When it comes to the qualitative evaluation of the corpus, this diversification helped to cover certain senses and contexts of specific words. For instance, the Serbian adjective domaći (Eng. domestic) mostly occurred with the sense ‘related to the home’ in the original corpus  [11]. Currently, its dominant sense is ‘not foreign’, which is in accordance with the monolingual Serbian corpora. Furthermore, as was supposed previously  [10], film transcripts contributed to augmenting the number of the examples in which French adjective sale (Eng. dirty) is ‘used to emphasize one’s disgust for someone or something’.
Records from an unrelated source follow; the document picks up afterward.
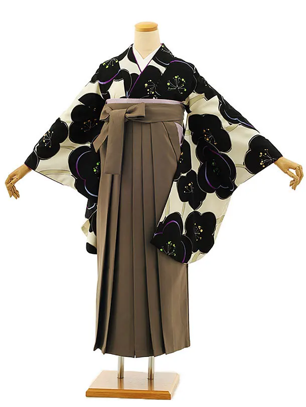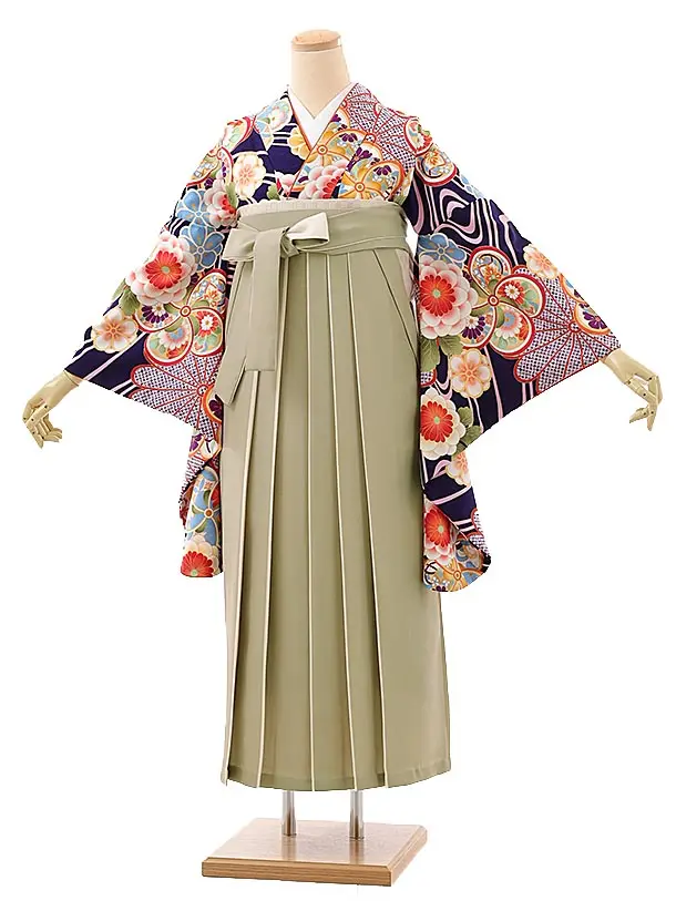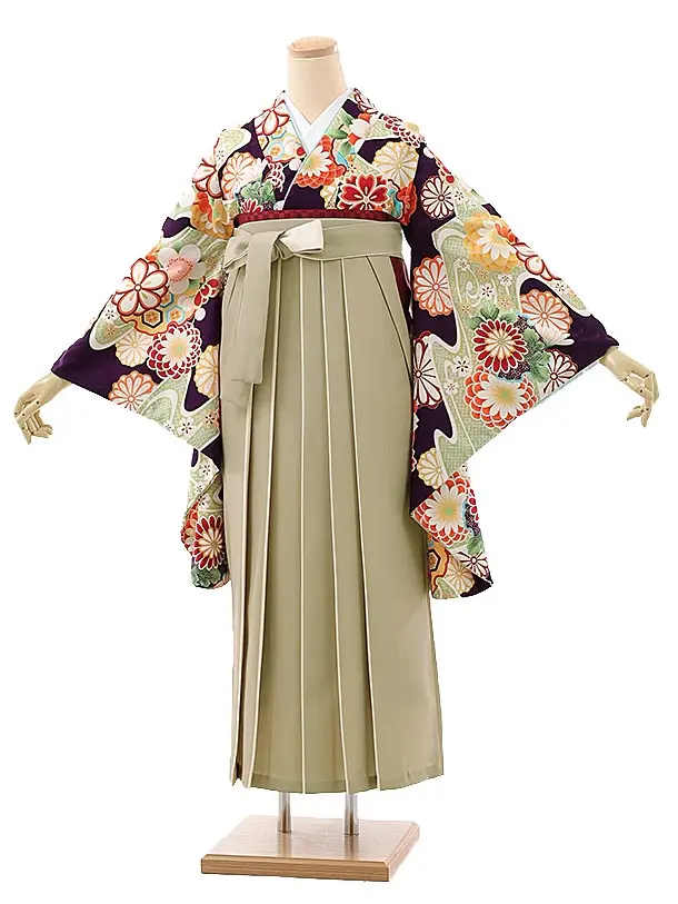 卒業袴レンタルh1011 濃紫花づくし×ベージュ袴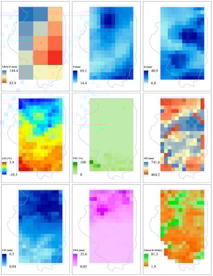 - Landerer, F.W.; Swenson, S.C. Accuracy of scaled GRACE terrestrial water storage estimates. Water Resour. Res. 2012, 48, W04531. [Google Scholar]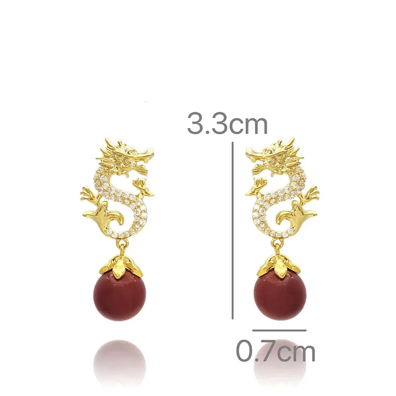 Key Features of the Chinese Style Festive New Year Red Beads Zodiac Dragon Stud Earrings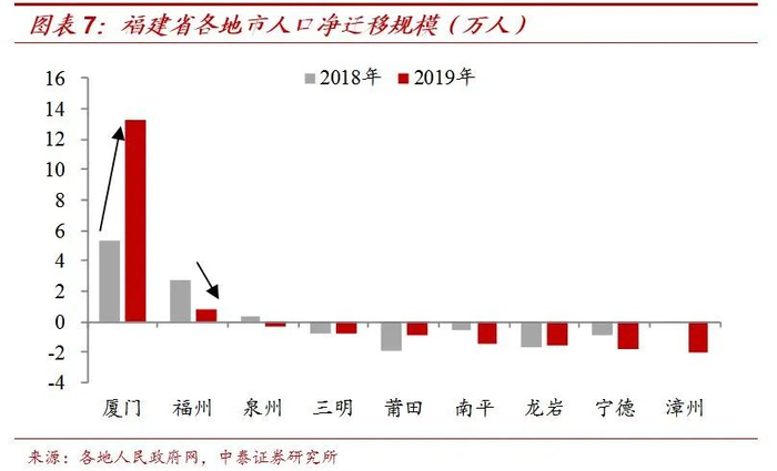 而且即使是各省内的核心城市,2019年也出现了非常明显的分化。以福建为例,2018 年厦门和福州人口净迁入量分别为5.37万和2.76万,相差不大;但2019年两个城市的差距明显拉开,厦门净迁入量达到了13.3万人,而作为省会城市的福州,净流入量只有0.8万人。这说明,在经济和政策因素的驱动下,人口在地区之间的分化在加剧。
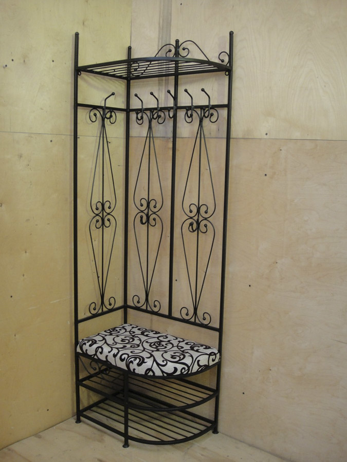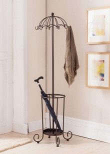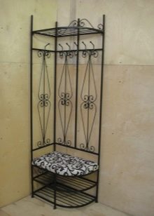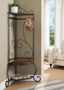 Друг вариант, който ви позволява да спестите свободно пространство в малък апартамент. Ъгловите закачалки са не само компактни, но и лесни за използване и могат да се похвалят с добър капацитет. За да им придадат по -изразителен вид, занаятчиите използват ковани къдрици, усукани пръти и други декоративни елементи. Някои продукти могат да бъдат оборудвани с огледала, поставки за обувки, седалки и др.
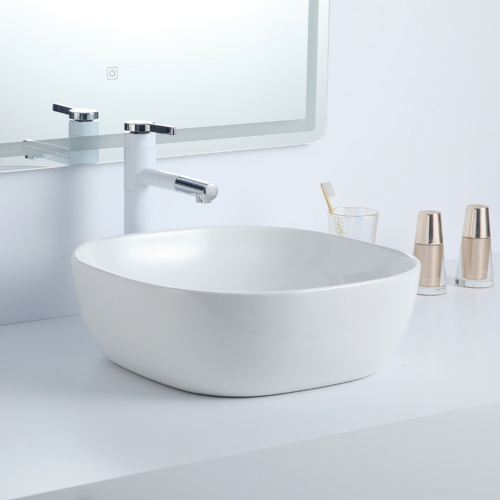 Cuba Deend De Cerâmica Quadrina Ovale Para Banheiro 42x42x13cm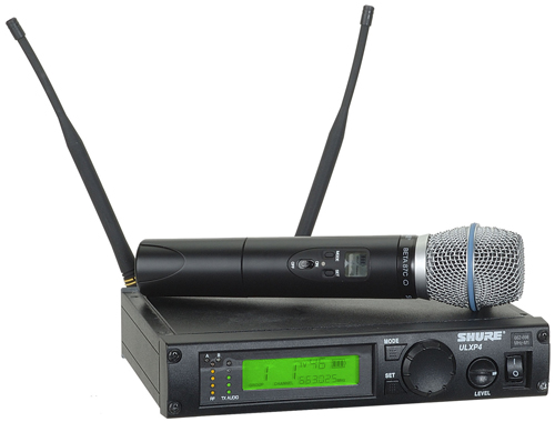 單通道無線話筒:包括ULXS4雙天線接收機(jī),UL×2/BETA87C手持發(fā)射機(jī),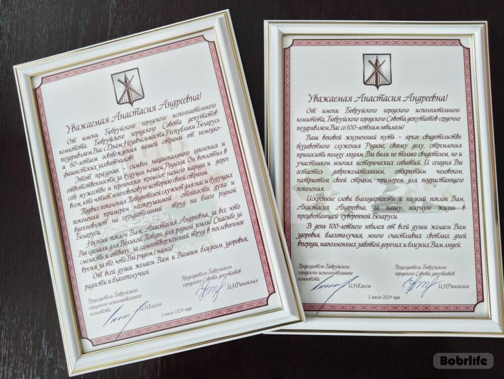 Ветерана искренне поздравили с еще одним важным наступающим праздником – Днем Независимости и 80-летием освобождения Беларуси от немецко-фашистских захватчиков. От горисполкома и горсовета депутатов юбиляру вручили поздравительные адреса с пожеланиями к 100-летию и этой символичной для всей страны дате.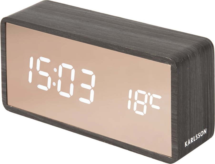 Další informace k produktu: LED budík v měděné barvě a dekoru tmavého dřeva Karlsson Mirror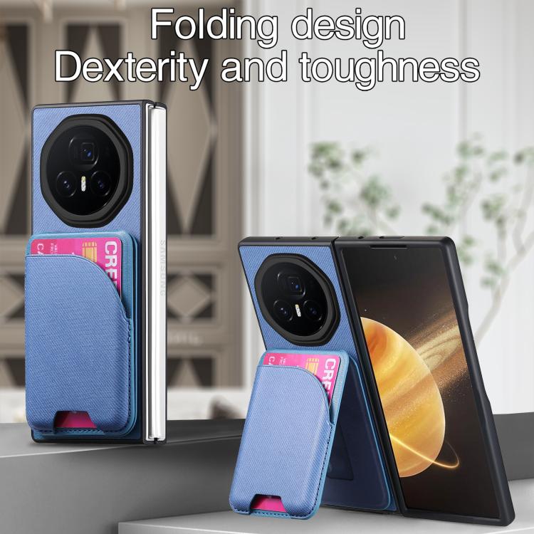Funda Magnética para Honor Magic V3 con Tapa Trasera de Cuero y Sarga (Azul)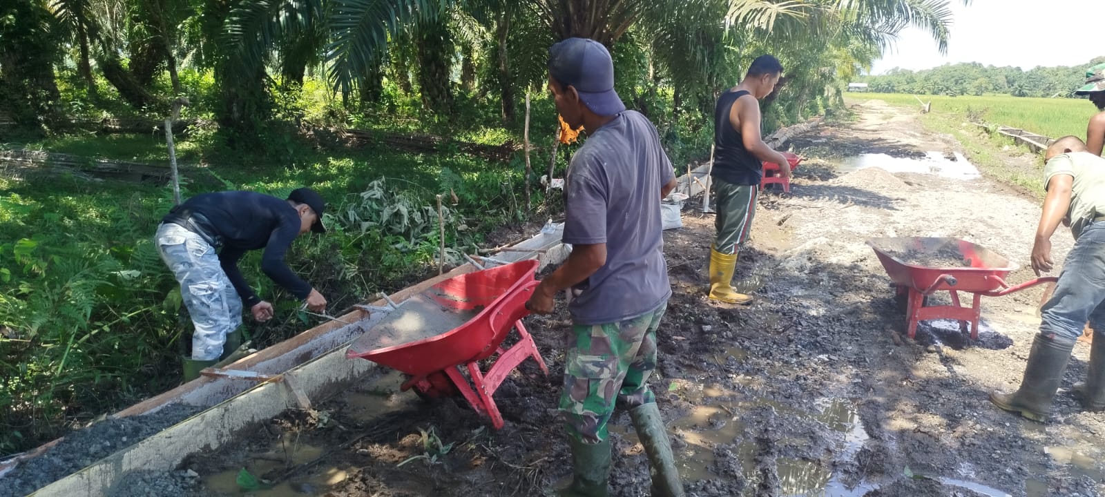 Semangat gotong royong begitu terasa di titik lokasi pekerjaan. Layaknya pantauan di lapangan hari ini, Pajurit TNI dan masyarakat menyatu tanpa sekat, bekerja sesuai tugas dan tanggung jawab masing-masing (job description), namun tetap dalam satu tekad yang sama: menuntaskan sasaran fisik tepat waktu dan berkualitas.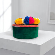 Himachali Traditional Kinnauri Topi with Green Patti and Pom-Poms Flower, Golden Chand on top Unisex Cap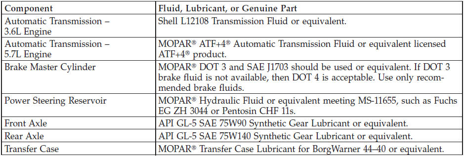 Chrysler 300 / Chrysler 300 Owners Manual / Maintaining Your Vehicle / Fluids, Lubricants, And Genuine Parts / Chassis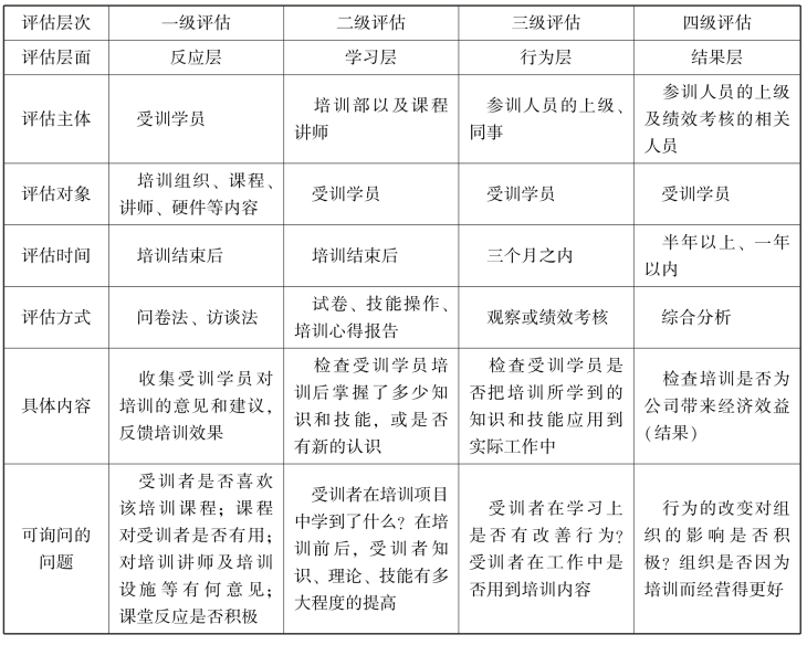 柯克帕特里克将培训效果分为四个递进的层次,分别为反应层、学习层、行为层、效果层,并且提出在这四个层次上对培训效果进行评估。

5 Conclusion and Future Work

The quadrilingual corpus ParCoLab is one of rare parallel resources containing a Serbian subcorpus, especially when it comes to original Serbian texts. In the expansion of the corpus, priority was given to quality over quantity. In addition to continuing work on enlarging the corpus, a great deal of effort has also been devoted to the diversification of the predominantly literary content. This paper describes the method that allowed us to include transcripts and translations of 2000 TED talks containing 13.5M tokens in ParCoLab. Apart from TED talks, there are film subtitles, among which are those originally produced in Serbian, as well as the transcripts of dubbed cartoons that are included in the ParCoLab database. By including additional 73 film and cartoon transcripts alongside the aforementioned TED talks, ParCoLab corpus database surpasses 32.9M. Thus we created the material not only for the development of NLP tools (especially machine translation) but also for teaching and learning French, English, Serbian, and Spanish as foreign languages and for lexicography.

While the ParCoLab content is being diversified more and more, the annotated portion of the corpus still comes from written documents. Given that the training corpus for the annotation tools needs to be built on the in-domain data to perform well, it is necessary to improve the training corpus. A new spoken language data subcorpus provides us with material to pursue this goal. Therefore, our next steps in annotating the corpus would be to tag, lemmatize, and parse added spoken subcorpus.